Stevie no se merecía esto

Stoke City v LiverpoolBarclays Premier League

La mayor goleada sufrida (6-1) por el Liverpool en la historia de la Premier League coincide con el último partido de Steven Gerrard con la camiseta red. Es cuanto menos sonrojante para quienes participaron en la debacle del Liverpool este domingo frente a un Stoke City que, a efectos clasificatorios, no se jugaba absolutamente nada.

Los futbolistas del Liverpool que pisaron el césped del Britannia Stadium (Mignolet, Can, Skrtel, Sakho, Moreno, Leiva, Henderson, Allen, Coutinho, Lallana, Touré, Ibe y Lambert) y su entrenador son responsables de que la leyenda red que es Steven Gerrard no haya tenido un adiós a la altura de lo que este icono se merece. Lo suyo fue una forma indecente de competir en el último día de Stevie en la Premier League.

Es un Liverpool que, a día de hoy, no está a la altura de la historia del club y a partir de esa premisa debe trabajar la entidad si quiere recuperar algún día el lugar que por categoría le corresponde. Han sumado 22 puntos menos que la pasada campaña. ¿Cuántos futbolistas de la plantilla del Liverpool están entre los mejores del mundo en sus respectivas demarcaciones? La respuesta a esa pregunta ayuda a entender la escasa competitividad del equipo este año. Hubo una época, no muy lejana (es cuestión de remontarse seis o siete años en el tiempo), en la que varios de los mejores del planeta en sus puestos actuaban cada quince días en Anfield: Gerrard, Xabi Alonso, Fernando Torres, Javier Mascherano, etc.

Asumir y aceptar la realidad del club, no engañarse, debe ser el primer paso, ya que el Liverpool ha navegado en la mediocridad durante algún tiempo (cinco o seis años, posiblemente desde el segundo puesto logrado en 2009), exceptuando el episodio vivido la temporada pasada con la treintena de goles de Luis Suárez y el subcampeonato liguero. Si en los despachos del Liverpool hay exigencia, el análisis de los resultados obtenidos este año debe conducir al suspenso. Aunque siempre está la posibilidad de que haya quien aprecie el vaso medio lleno y piense que el equipo cayó en las semifinales tanto de la FA Cup como de la Capital One Cup, que sucumbió en la tanda de penaltis en la Europa League, que se quedó a un triunfo de los octavos de final de la Champions League y a un par de partidos del top-4 de la Premier League. Y si se hubiese marcado un gol más en aquel encuentro, y si se hubiese hecho aquello esa tarde, y si Courtois no hubiese sido el MVP en la eliminatoria de la copa de la liga. Una constante repetición del ‘y si’ que no conduce a nada.

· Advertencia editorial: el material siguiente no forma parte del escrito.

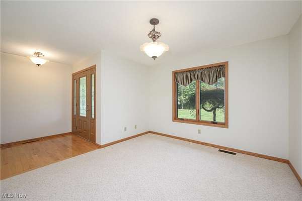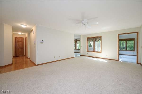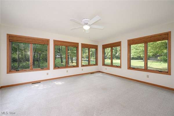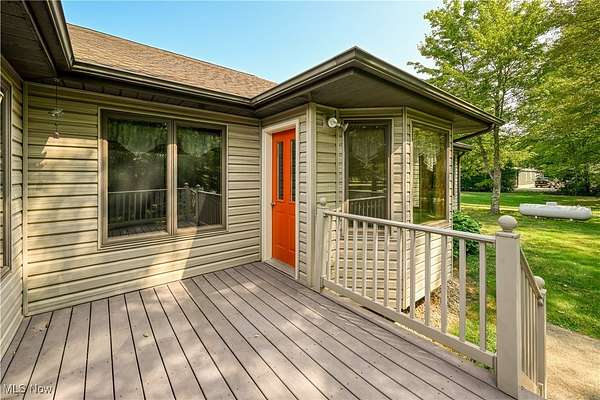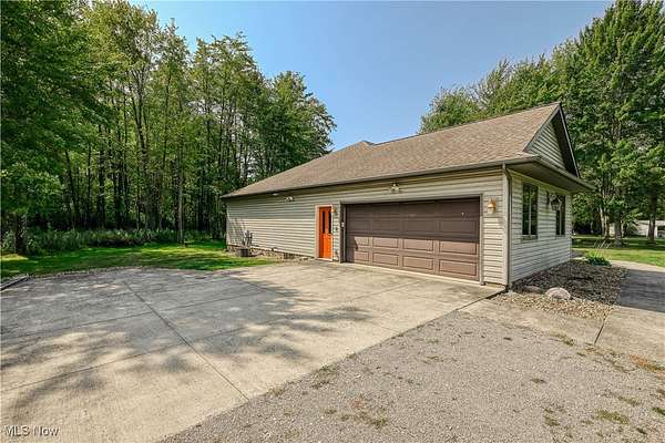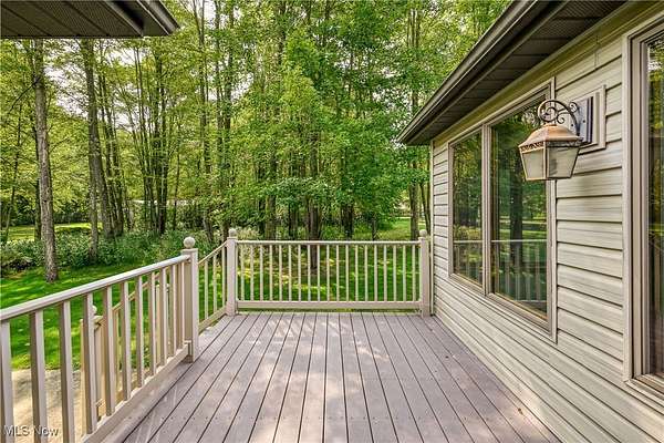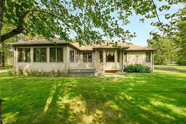 Quality built ranch home in Hiram township set on 5.5 acres of mostly wooded land. 3 bedrooms and 2 full baths with a split floor plan. The inviting entry with hardwood floors and a coat closet welcomes you in. The Dining room is to your left with a chandelier and the living room straight ahead. From there the attached sun room is the place to be with all the windows and natural light. All rooms have ceiling fans. The primary Bedroom with attached bath is handicap accessible with extra wide doors and zero entry shower. Dual sinks and a walk-in closet finish out the primary bath. 2 other bedrooms and a bath on the opposite side of the house. The full bath in the hallway offers a soaking tub/shower combo. The Kitchen has oak cabinets and is fully applianced with an eat-in kitchen and breakfast bar. In the basement you will see the 2x6 construction and extra insulation which help to make this home more energy efficient. You can enter the basement either through the hallway in the house or from inside the attached 2 car garage with side entry. The basement has an extra course of block and is a blank slate for anything you need it for. You will be shocked how big it is with additional crawl space under the sun room. Choose from the front porch for siting and relaxing or the back deck, both are great to soak up the peaceful setting. Carpets recently cleaned and neutral paint round out this move-in ready, rare ranch find!

El Liverpool no presiona. El equipo acusa un problema, relacionado con su pasividad defensiva, y es la incapacidad de los centrocampistas o de los delanteros para presionar. Esa faceta fue vital en el notable recorrido del Liverpool el curso pasado -cuando estuvo cerca de vencer la Premier League-, ya que la presión arriba de Luis Suárez, Daniel Sturridge, Raheem Sterling y cía era descomunal. El equipo empezaba a ganar partidos ahí porque los delanteros eran los primeros defensores, eran los primeros en recuperar balones y esas situaciones de robo permitían empezar en buenas posiciones de campo los ataques. Se dejaban, sobre todo el uruguayo, hasta la última gota de sudor y el último resquicio de fuerza presente en su cuerpo. Ese detalle cambió sensiblemente en el Liverpool 2014/15.

Liverpool - Football tactics and formations

Disposición táctica inicial del Liverpool en el 6-1 en Stoke (Infografía: Share My Tactics)

Se menciona a menudo lo más visible: los goles de Suárez que ya no están, los goles de Sturridge que han desaparecido (lesionado muchos meses), el pobre rendimiento de Balotelli, etc. Pero no se repara apenas en la transformación del Liverpool como bloque a la hora de (no) presionar al rival. Y ese matiz fue especialmente sangrante en la visita al Stoke City, un 6-1 en el que influyó sobremanera la ineficacia del conjunto red sin balón.

Balotelli, Sturridge y Lambert en la Premier 2014/15: 7 goles.

El Stoke City en una tarde frente al Liverpool: 6 goles.

Presentó Brendan Rodgers una alineación inicial sin delantero alguno sobre el campo. Daniel Sturridge y Mario Balotelli, de baja por lesión; Rickie Lambert, suplente junto a Raheem Sterling (que está mucho más de actualidad por su no renovación que por sus goles). Todo esto llevó a Rodgers a proponer una dupla ofensiva con mediapuntas (Adam Lallana y Philippe Coutinho) como piezas más adelantadas, jugadores con tendencia a bajar a recibir el balón, a caer a los costados, a asociarse y con nula aportación en cuanto a desmarques de ruptura o amenazas por alto ante los zagueros centrales del Stoke City. Y, claro está, con poco fuelle a la hora de ser los primeros en presionar la salida de balón del rival.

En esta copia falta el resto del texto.